Thank yo so much!  That EOF error has been haunting me for days.

On Thursday, January 21, 2010 5:45:36 PM UTC-6, dburns wrote:
>
> Well syntactically, the "< gpass" should always be at the very end
> (and no, the name doesn't matter).
>
> I tried it myself just now and ran into some weird EOF (end of file)
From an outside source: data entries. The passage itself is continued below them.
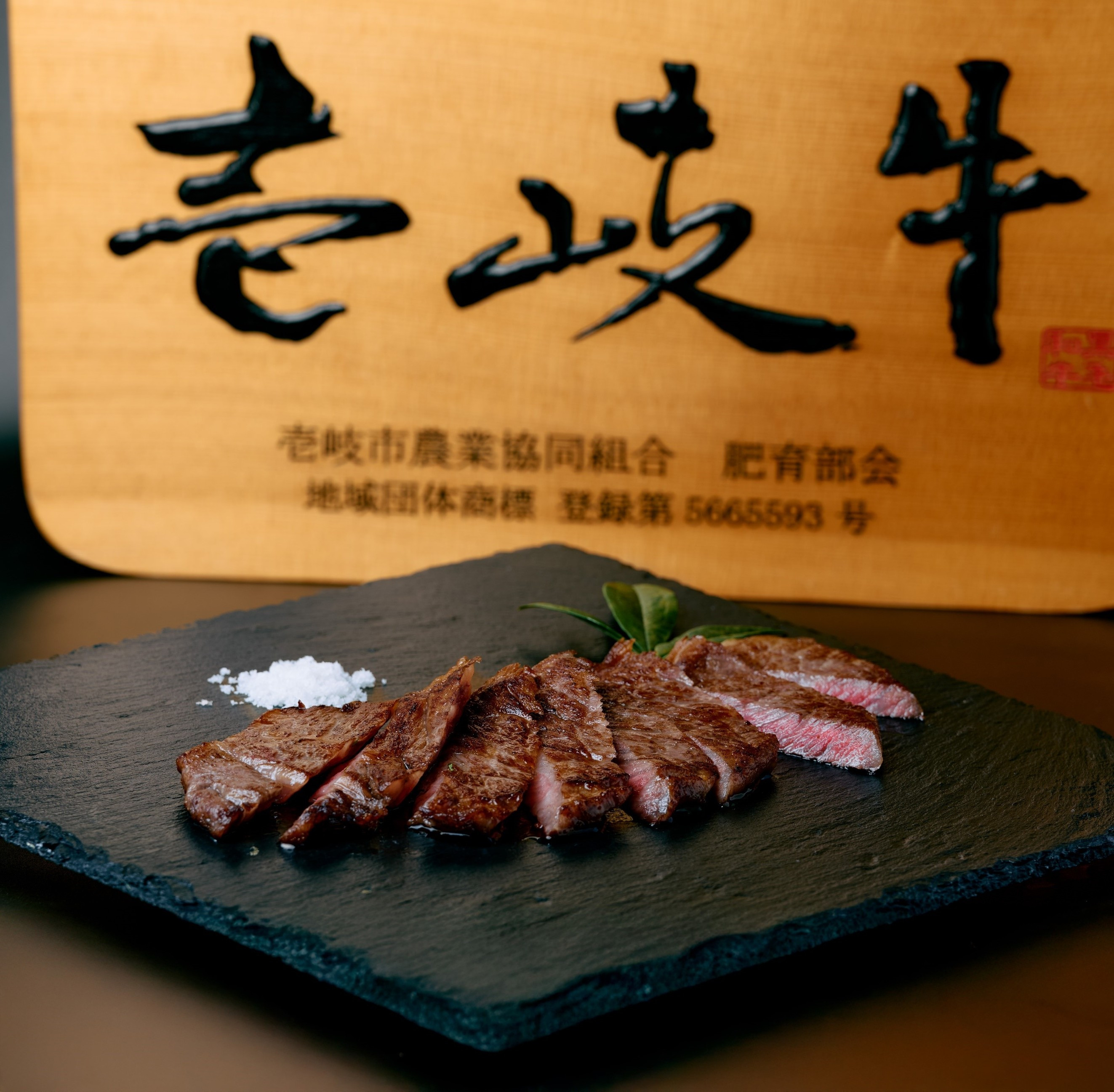 島風に育まれた名牛『壱岐牛』。周りを海に囲まれた島独特の島風が、飼料の牧草に適度な塩分を与えています。そのミネラルたっぷりの牧草を食べて育った壱岐牛は、肉質は柔らかく、しつこすぎない霜降りとなっています。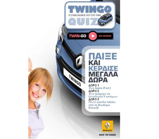 H Renault σας δίνει τη δυνατότητα να γνωρίζετε το νέο Twingo μέσα από ένα διασκεδαστικό κουίζ στο Facebook και να κερδίσετε πλούσια δώρα. Απλά, κάντε Like στη σελίδα της Renault Greece και απαντήστε στις 5 απλές ερωτήσεις του κουίζ "TWIN-GO KAI ΚΕΡΔΙΣΕ". Καθεμία από τις 5 ερωτήσεις του κουίζ αναδεικνύει ένα από τα βασικά πλεονεκτήματα του νέου Twingo: πρωτότυπα χρώματα, δυνατότητα εξατομίκευσης, μηδενικά τέλη κυκλοφορίας για την diesel έκδοση, πολυμορφικότητα, 5ετής εγγύηση.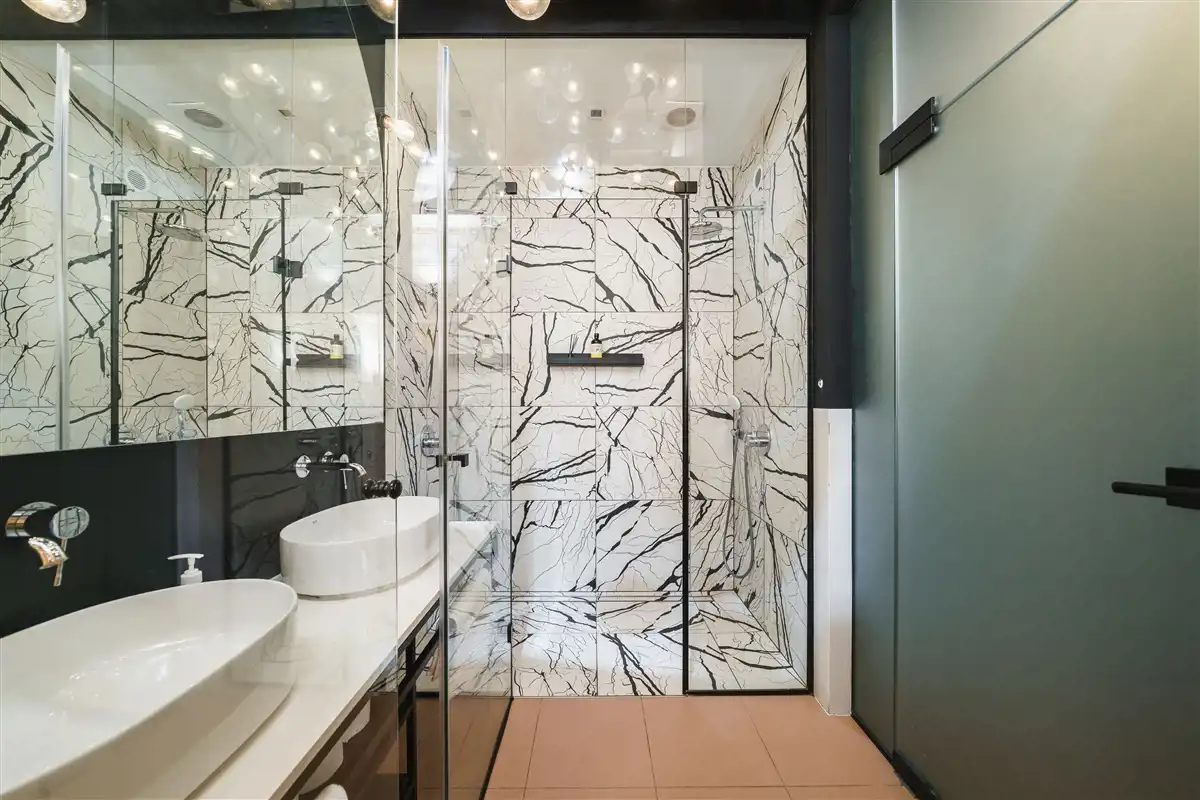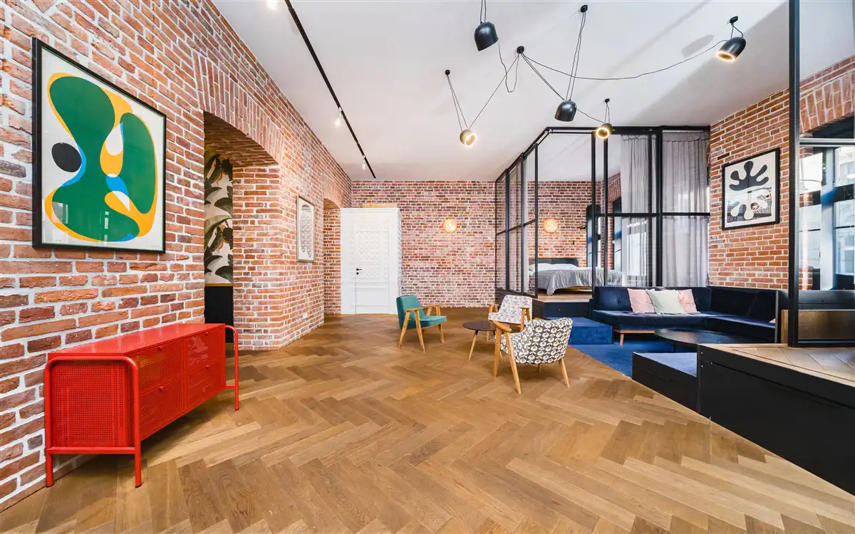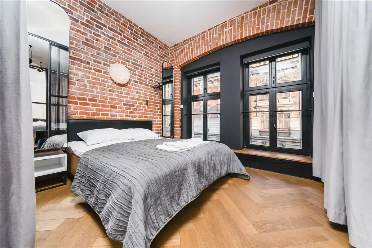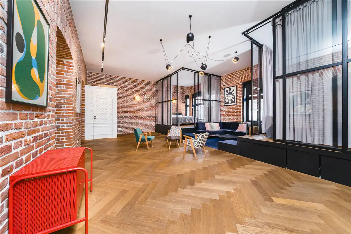 Remont obejmował wymianę elektryki, hydrauliki, odkrycie oryginalnej cegły, zamontowanie nowej stolarki, położenie podłóg, fliz itd.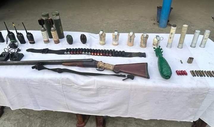منی پور پولیس نے آج کہا کہ سیکورٹی فورسز نے پہاڑی اور وادی کے اضلاع کے سرحدی اور حساس علاقوں میں تلاشی کارروائیاںکیں اور علاقے پر غلبہ حاصل کیا۔ سرچ آپریشن کے دوران ایک بندوق ڈبل بیرل، 17 گن ڈبل بیرل کے گولہ بارود ، تین بوفینگ آر/ایسچارجر کے ساتھ ، ایک آر/ایس ورٹیکس اسٹینڈرڈ، دو بم، ایک بم 81 ایم ایم مورٹار، دو 36 نمبر کے دستی بم، چار ٹیئر اسموک گرینیڈ، ایک ٹیئرچلی گرینیڈ ، دو ٹیئر اسموک شیل (شافٹ نوز)، دو ٹیئر ا سموک شیل (سی ایس)، چار منی فلیئر کارتوس (سرخ)، 10 انساس کے خالی راونڈز اور 10 انساس رائفل کارتوس (خالی ڈبے ) تھوبل ضلع سے برآمد کئے گئے ہیں ۔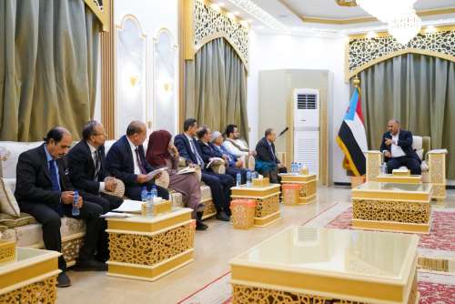 عقد الرئيس القائد عيدروس قاسم الزُبيدي رئيس المجلس الانتقالي الجنوبي، مساء اليوم الجمعة، لقاءً مشتركًا، بفريق الحوار الوطني الجنوبي الداخلي، ورؤساء عدد من المكونات السياسية الجنوبية، تقدمهم المحامي علي هيثم الغريب رئيس مجلس الحراك الجنوبي السلمي، وزير العدل السابق، وعبدالرؤوف زين السقاف رئيس المجلس الأعلى للحراك الثوري، وفادي حسن باعوم رئيس المكتب السياسي لمجلس الحراك الثوري.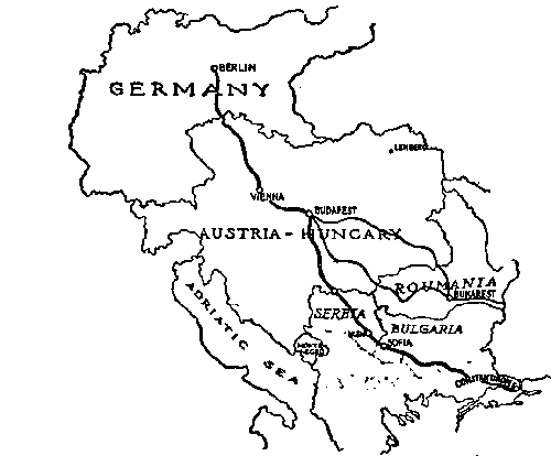 I wish to direct particular attention to this railroad, for it was, after all, the main strategic prize for which Germany was contending. After leaving Sofia it crosses northeastern Serbia, the most important stations being at Nish and Belgrade. From the latter point it crosses the River Save and later the River Danube, and thence pursues its course to Budapest and Vienna and thence to Berlin. Practically all the military operations that took place in the Balkans in 1915-16 had for their ultimate object the possession of this road. Once holding this line Turkey and Germany would no longer be separated; economically and militarily they would become a unit. The Dardanelles, as I have described, was the link that connected Russia with her allies; with this passage closed Russia's collapse rapidly followed. The valleys of the Morava and the Maritza, in which this railroad is laid, constituted for Turkey a kind of waterless Dardanelles. In her possession it gave her access to her allies; in the possession of her enemies, the Ottoman Empire would go to pieces. Only the accession of Bulgaria to the Teutonic cause could give the Turks and Germans this advantage. As soon as Bulgaria entered, that section of the railroad extending to the Serbian frontier would at once become available. If Bulgaria joined the Central Powers as an active participant, the conquest of Serbia would inevitably follow, and this would give the link extending from Nish to Belgrade to the Teutonic powers. Thus the Bulgarian alliance would make Constantinople a suburb of Berlin, place all the resources of the Krupps at the disposal of the Turkish army, make inevitable the failure of the Allied attack on Gallipoli, and lay the foundation of that Oriental Empire which had been for thirty years the mainspring of German policy.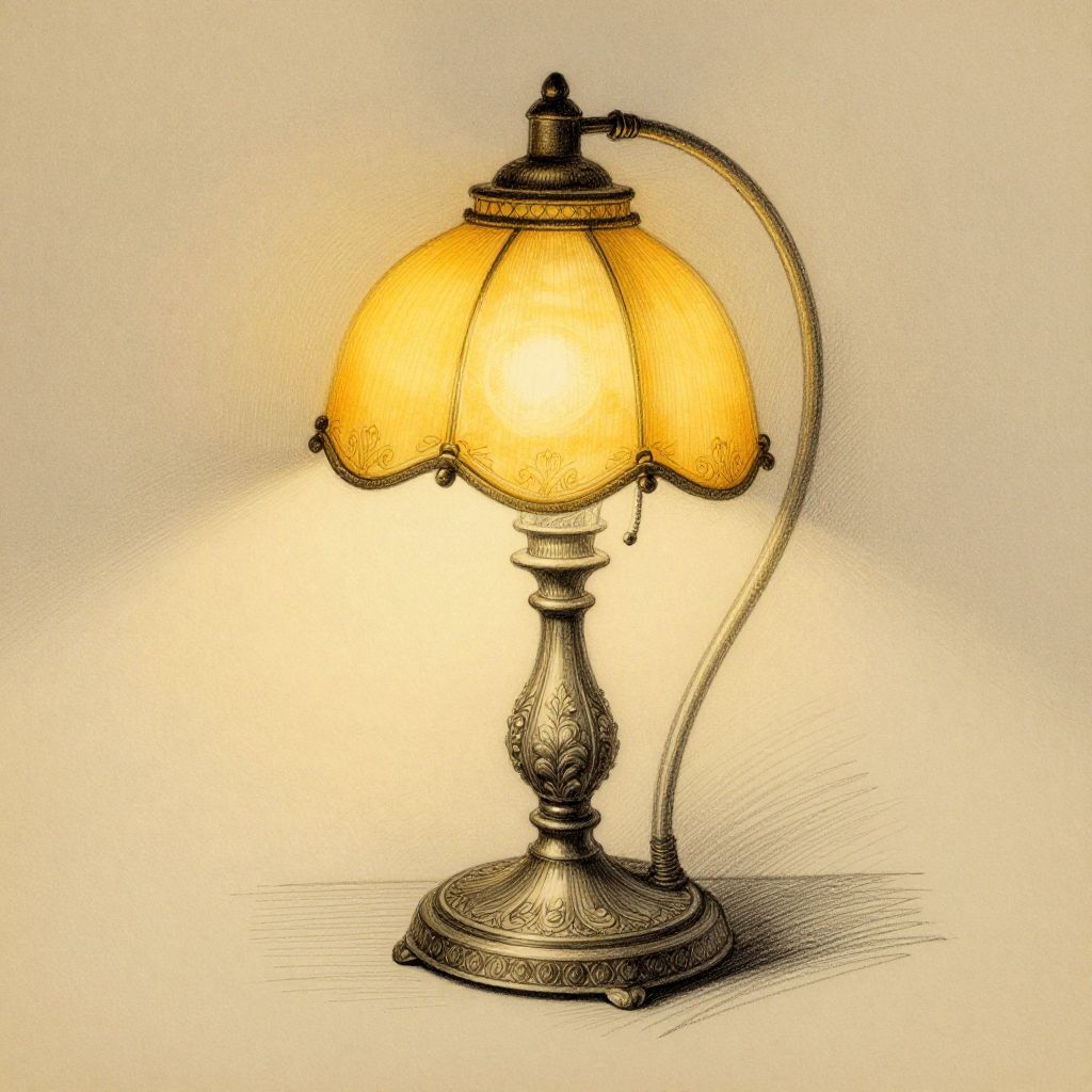 Desk lamp drawing in classic Victorian style, ornate base and decorative floral patterns, softly illuminated with yellow-toned light, elegant pencil and charcoal sketch on textured paper, vintage ambiance with a nostalgic feel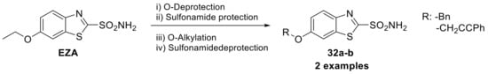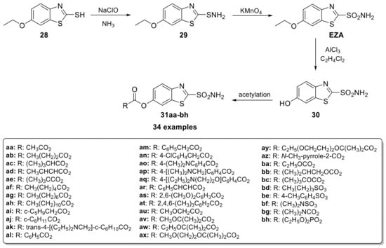 - Woltersdorf, O.W., Jr.; Schwam, H.; Bicking, J.B.; Brown, S.L.; deSolms, S.J.; Fishman, D.R.; Graham, S.L.; Gautheron, P.D.; Hoffman, J.M.; Larson, R.D.; et al. Topically active carbonic anhydrase inhibitors. 1. O-acyl derivatives of 6-hydroxybenzothiazole-2-sulfonamide. J. Med. Chem. 1989, 32, 2486–2492. [Google Scholar] [CrossRef]

> error when launching the usual way (i.e. with appcfg.py being the
> first command).  After some experimentation I discovered that this
> somehow breaks the input redirection to python, but if you launch it
> by invoking the python executable followed by the script name
> (appcfg.py) it works OK.  This worked for me:
>
> python "C:\Program Files\Google\google_appengine\appcfg.py" --passin --
> email=[email] update [app_folder] < gpass
>
> That's on Windows.  Of course adjust the path to where you have
> appcfg.py.
>
> On Jan 21, 3:30 pm, pythono <[email protected]> wrote:
> > Hey thanks..
> >
> > Does the password file have to have a particular extension?  I saved a
> > text file containing only my google password, which i called "gpass".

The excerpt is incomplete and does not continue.